Alkitab, Renungan Harian, Ayat Emas, Pujian...
Baca: FILIPI 4:2-9
Bacaan tahunan: Yosua 16-18
Saya sempat tercenung setelah menerima balasan pesan dari Rani, seorang teman lama yang terpisah jarak empat ratus kilometer. Melalui informasi dari grup WhatsApp (WA), saya mengetahui bahwa Rani sedang menderita sakit yang cukup kronis. Ketika saya menanyakan kondisinya, tanpa saya duga ia membalas melalui voice note WA, dengan suara terdengar lemah dan berat, seperti ini, "Semuanya baik, teman. Tuhan Yesus pegang kendali dalam setiap kehidupan kita. Saya harap kalian dalam keadaan sehat ya. Tuhan Yesus memberkati."

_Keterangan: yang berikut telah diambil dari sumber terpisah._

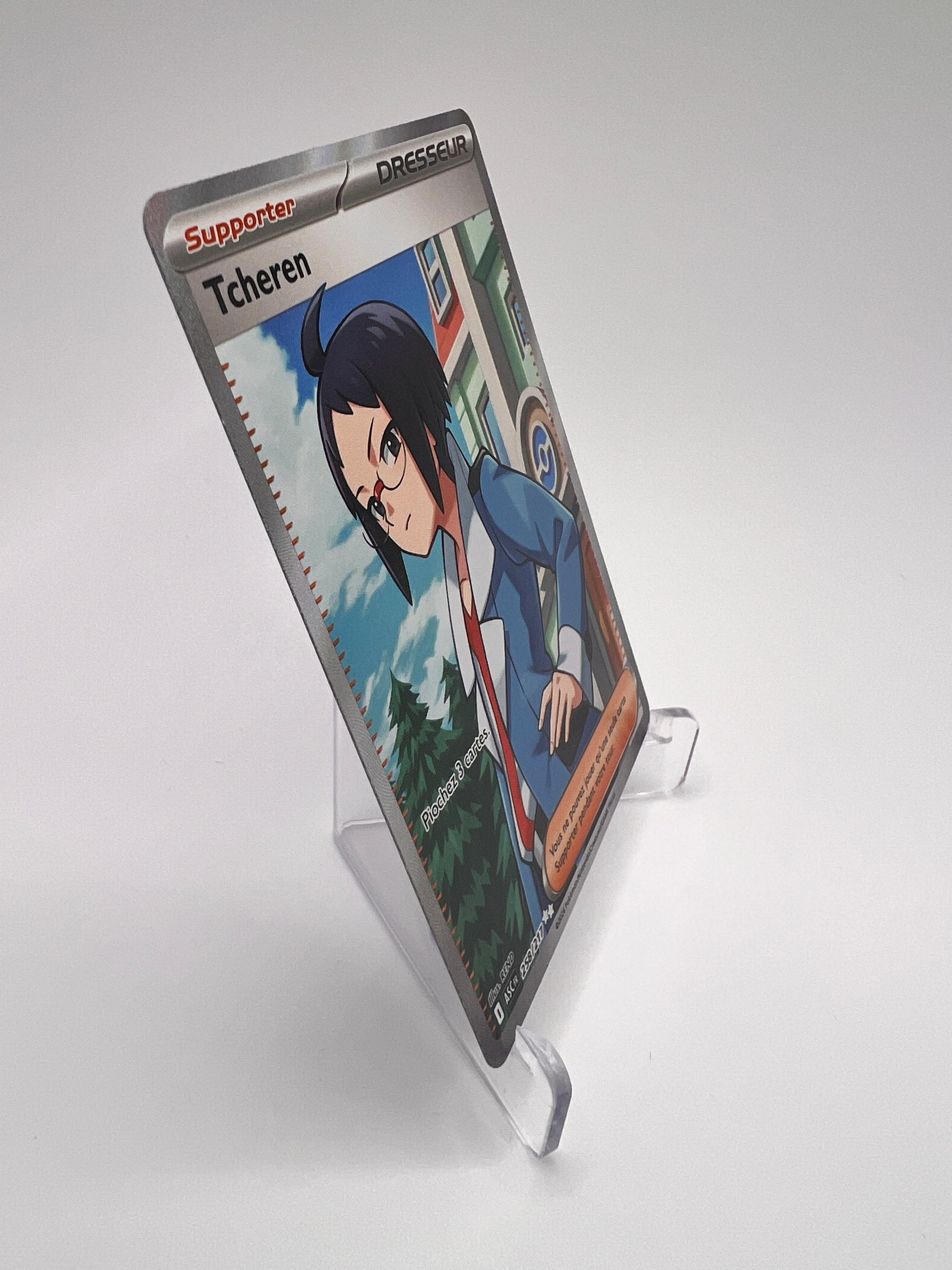 Tcheren est une figure emblématique d’Unys, reconnu pour son évolution stratégique et son rôle marquant dans l’histoire. Cette version Full Art hors set met en avant un artwork premium centré sur le personnage, très recherché par les collectionneurs EV. Une carte Dresseur Ultra Rare à forte présence visuelle, idéale pour compléter une collection moderne haut de gamme.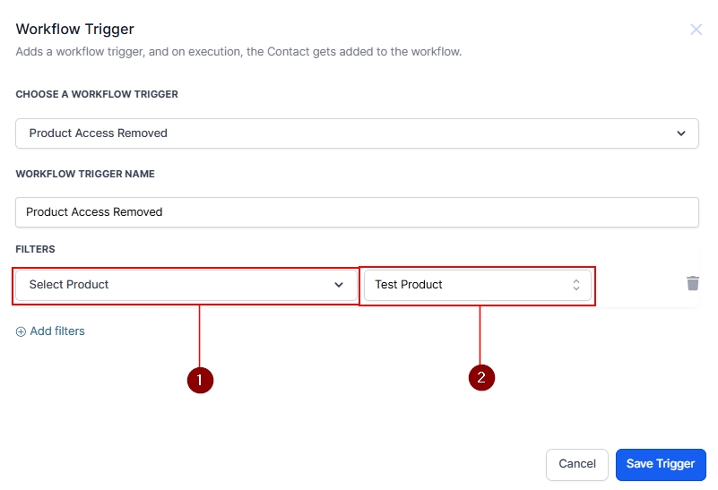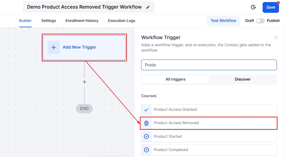 To enable this trigger, click on the "Add New Trigger" button, then search and choose the “Product Access Removed” option from the available choices.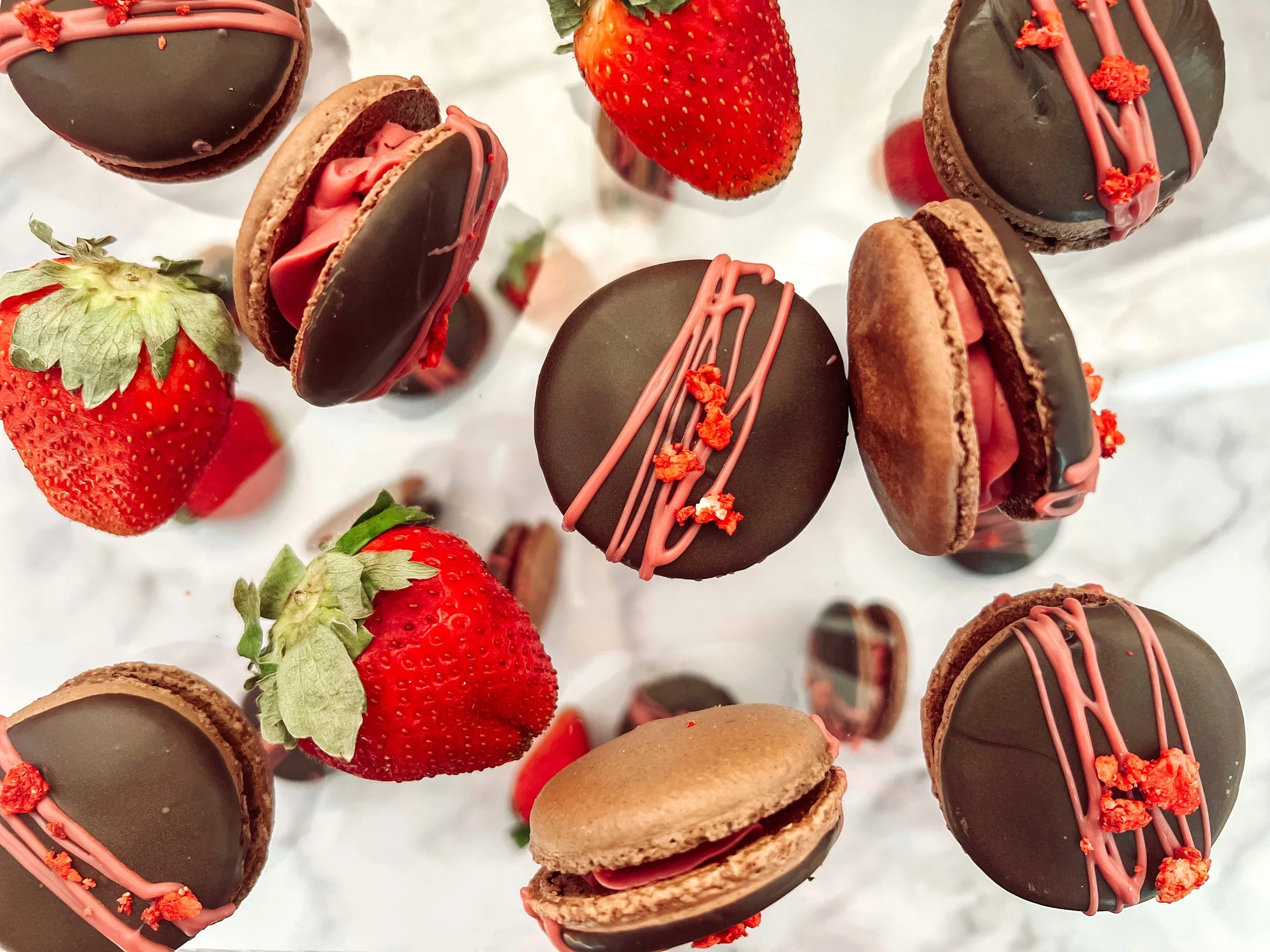 A chocolate macaron, filled with strawberry buttercream, dipped in Guittard dark chocolate, drizzled with Callebaut Ruby chocolate, and sprinkled with freeze dried strawberry crumbles.
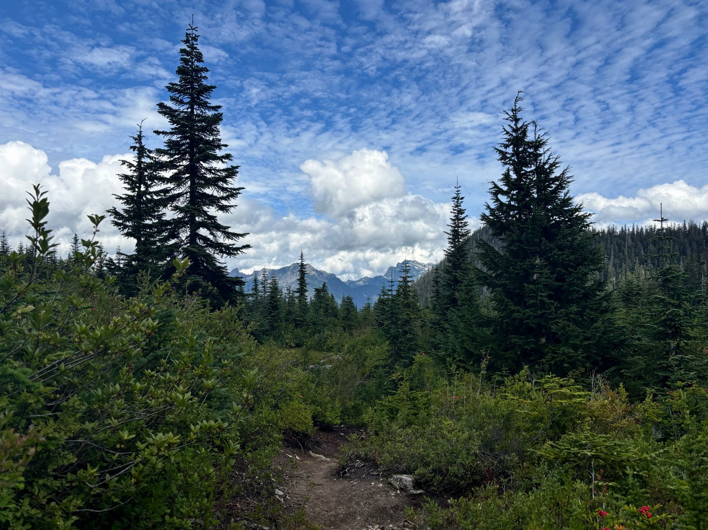 I did a loop from a path just across the road from the Mount Catherine trailhead, to Twin Lakes, the Cold Creek Trail, Mirror Lake, Cottonwood Lake, and back along the PCT to Windy Pass, then down the road to the car. I did not go up to Mount Catherine, but I’ve tagged it for notes on the road.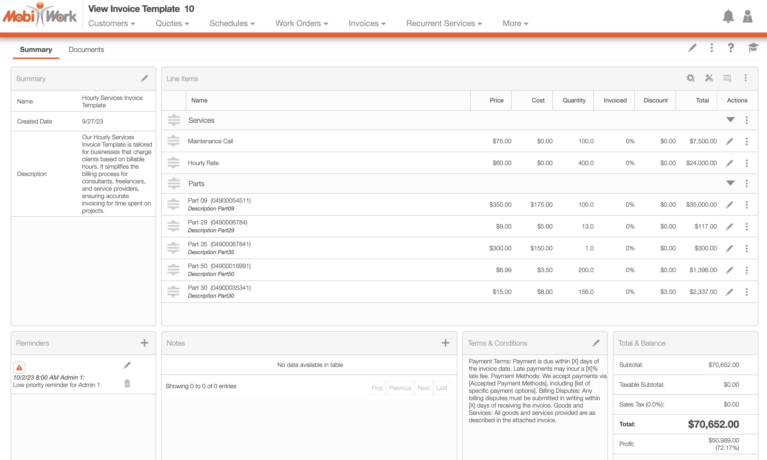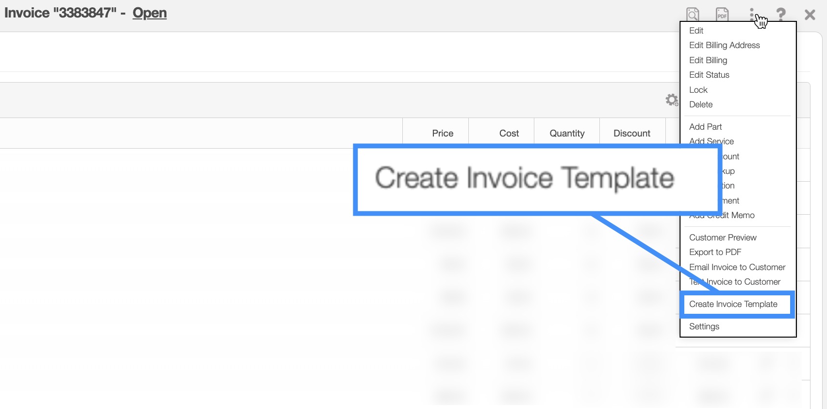 Note: The invoice's parts, services, and title (description) will carry over to the new template. Any reminders, notes, section headers, terms & conditions will not carry over.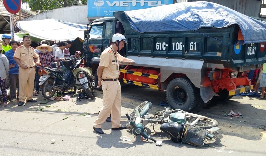 Vừa kịp nhìn về phía có tiếng động, anh Học thấy ôtô ben 5 tấn chạy hướng từ quốc lộ 1 vào hướng Quang Trung đã tông liên hoàn vào 5 xe máy, trong đó có 3 người bị dính vào đầu xe.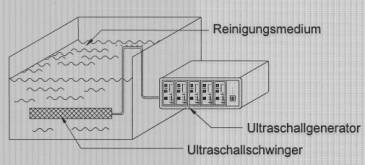Eine Ultraschallanlage zur Reinigung besteht grundsätzlich aus drei Komponenten.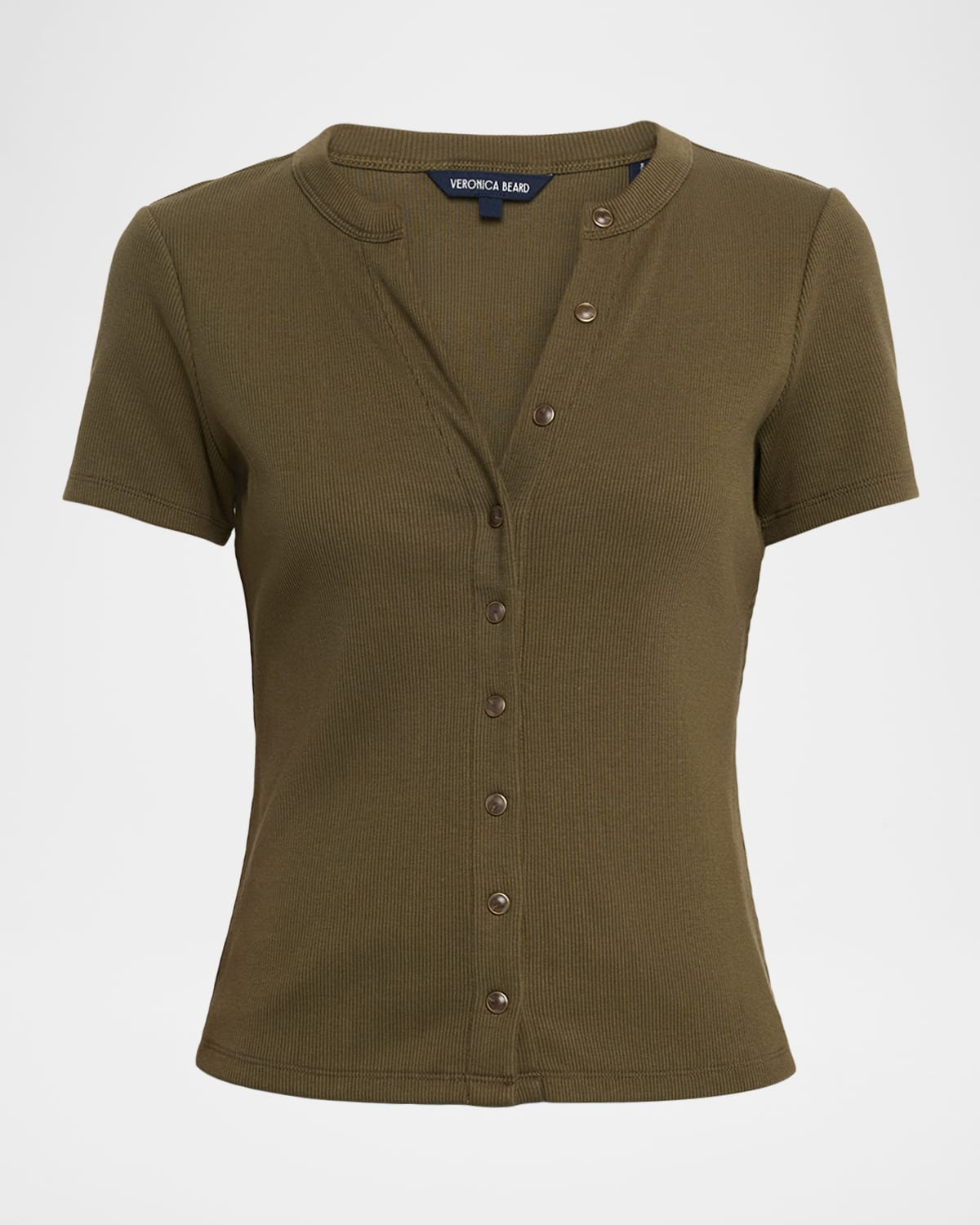 - An elevated basic, the "Dilia" top by Veronica Beard is cut from premium stretch cotton in a ribbed finish with bezel-set buttons - Split crew neckline - Short sleeves - Slim fit - Hip length - Button front closure - Cotton/elastane - Imported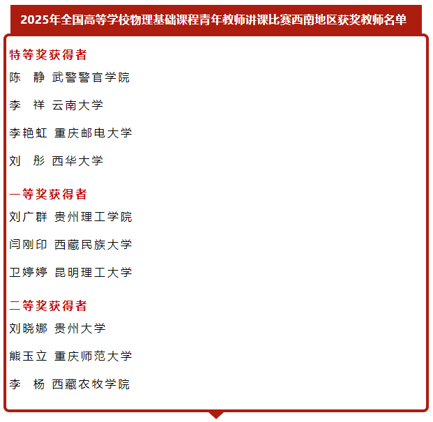 6月28至29日,2025年AI赋能大学物理教学研讨会暨全国高等学校物理基础课程青年教师讲课比赛西北、西南地区复赛在陕西省渭南师范学院隆重举行。我院青年教师刘彤凭借扎实的专业知识、精湛的教学技艺和出色的现场表现,一路过关斩将,最终荣获西南地区复赛特等奖。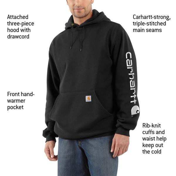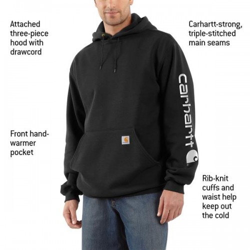 Wear the Carhartt Men's Midweight Sleeve Logo Hoodie while you grill your hard-earned venison. Spandex-reinforced rib-knit cuffs and waistband trap heat and allow freedom of movement. You can adjust the hoodie via the draw cord closure. Warm your hands in the front pocket. Cahartt's logo decorates a patch on the front pocket while "Carhartt" is screen printed on the sleeve. p>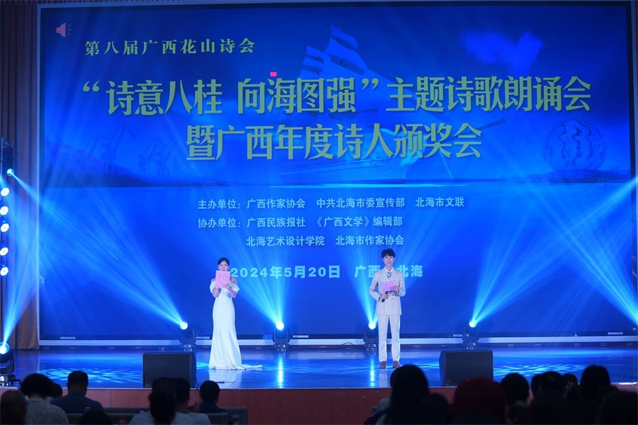 5月20日晚,由广西作家协会、市委宣传部、市文联主办的第八届广西花山诗会“诗意八桂 向海图强”主题诗歌朗诵会暨广西年度诗人颁奖会在我校举行。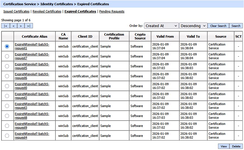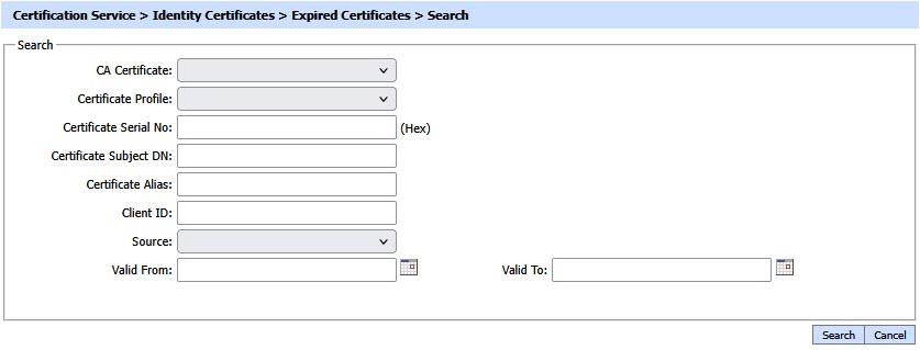 This helps to locate a certificate that the Certification Service may have expired. Certificates can be searched based on issuer, certificate profile, certificate serial number, certificate subject DN, certificate alias, client ID, source, and validity period. If a search is based on multiple values, then these will be combined together using the “AND” operand, and thus only records that meet all the criteria will be presented.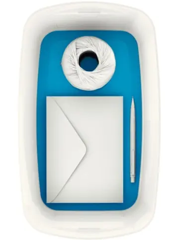 Aufbewahrungsbox MyBox Klein A5 mit Deckel ABS weiß/blauLeitz Aufbewahrungsbox MyBox, Klein, mit Deckel, für DIN A5Für A5-Dokumente und kleinere Büro- oder Home-AccessoiresDeckel mit leichter Einrastfunktion, dennoch leicht zu öffnenRahmen des Deckels ist ausgelegt auf sicheres StapelnMit weichen, abgerundeten Ecken für eine einfache ReinigungZwei Boxen MyBox Klein passen auf eine Box MyBox MittelKonische Form für platzsparendes TransportierenBei Nichtgebrauch platzsparend ineinander stapelbarMit Zweifarbeneffekt: weiße Hochglanzoptik, Boden in attraktiver FarbeRobust, kratzfest und wasserdichtModularer Aufbau zur besseren Organisation und für maximale Flexibilität: kombinierbar mit den Aufbewahrungsschalen MyBox und den Einsätzen MyBoxMaterial: hochwertiger ABS-Kunststoff, Lebensmittelechtheit zertifiziertVolumen: 5 LiterFormat: 318 x 128 x 191 mmFarbe: weiß/blau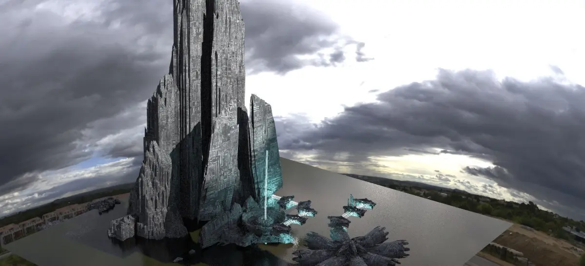 Halo Forerunner Inspired Gateway with bridge hologram! 3D! Hologram is made by turning the thin rectangle walkways into light sources like in my preview images !Tiled Textures Provided !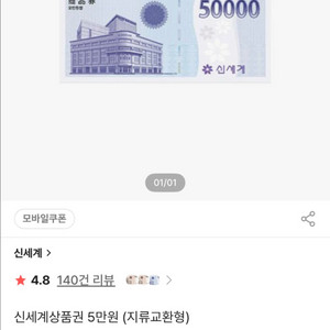 신세계 모바일 상품권 5만원권 1장 ->43,000
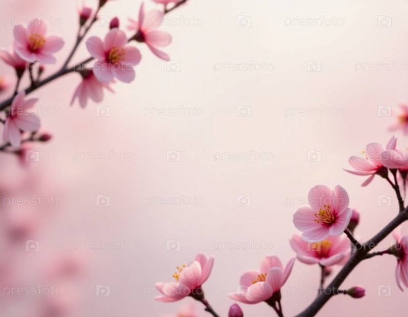 Под успокаивающим розовым фоном элегантно цветут яркие цветы сакуры, демонстрируя свои нежные лепестки и тонкие оттенки. Эта очаровательная композиция передает суть весны, приглашая к восхищению и размышлениям. Когда каждый цветок грациозно раскрывается н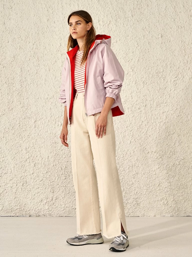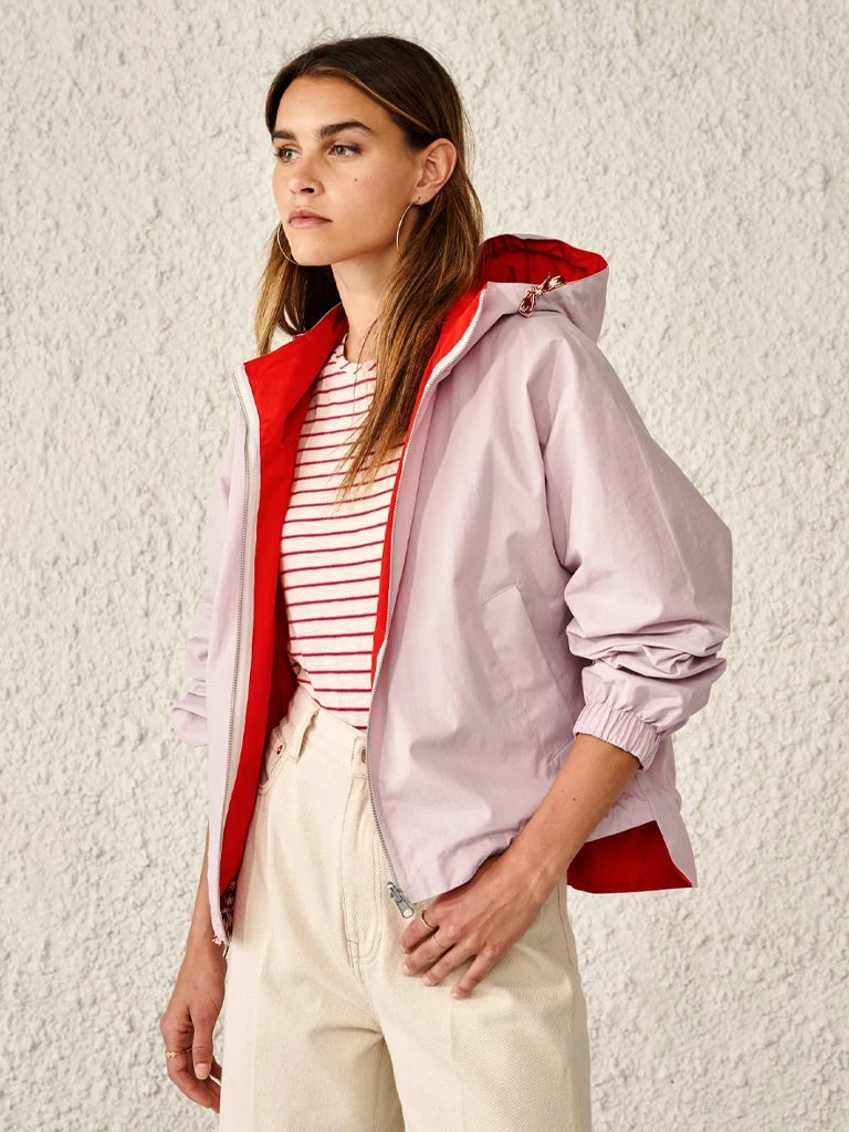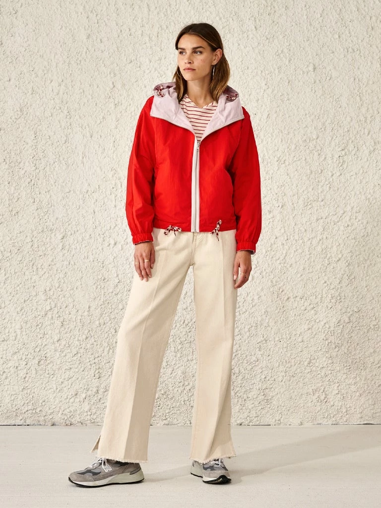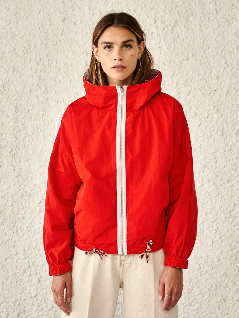 Keep bad weather at bay with this reversible hooded Loud Jacket from Bellerose. Crafted with one side in a cotton blend and the other in a water repellent nylon, it is perfect to enjoy the ever changing spring weather. The jacket is slightly oversized with a cropped boxy cut. Featuring an elasticated waist, contrasting drawstring and zip, elasticated cuffs and waist and a slightly longer length on the back. 72% cotton, 28% polyamide/nylon Lining: 100% polyester/nylon Drawstring: 100% polyester Reversible hooded jacket Water repellent side Elasticated cuffs and waist Contrasting drawstring and zip

Ketika mendorong agar jemaat di Filipi tetap menjaga sukacita dalam Tuhan, Paulus sedang berada dalam penjara. Pengalaman pelayanan rasul Kristus ini, jika direspons dalam kondisi normal, juga rasanya berat untuk menjaga hati agar tetap bersukacita. Secara umum, rasanya akan terlihat mudah sekali menyarankan orang lain agar bersukacita ketika seseorang dalam kondisi baik, tetapi jika kondisi sedang mengalami pergumulan, kesusahan, berjuang melawan penyakit, atau mengalami kedukaan, siapa yang mampu mendorong orang lain agar tetap bersukacita, jika bukan karena pertolongan Tuhan?
Dalam harapan agar orang percaya tetap menjaga sukacita dalam dirinya, tulisan Rasul Paulus ada unsur Ilahi jika kita menilik bahasa aslinya (en-theos: di dalam Tuhan). Ya, sejatinya sukacita sejati hanya mungkin dialami ketika Tuhan bekerja dalam hati setiap orang percaya sehingga mereka dapat mendorong orang lain untuk tetap bersukacita dan berharap kepada Tuhan. Bagaimana dengan hidup kita? --GHJ/www.renunganharian.net
HANYA DALAM KRISTUS SUKACITA ILAHI DAPAT DIRASAKAN DALAM SEGALA SITUASI.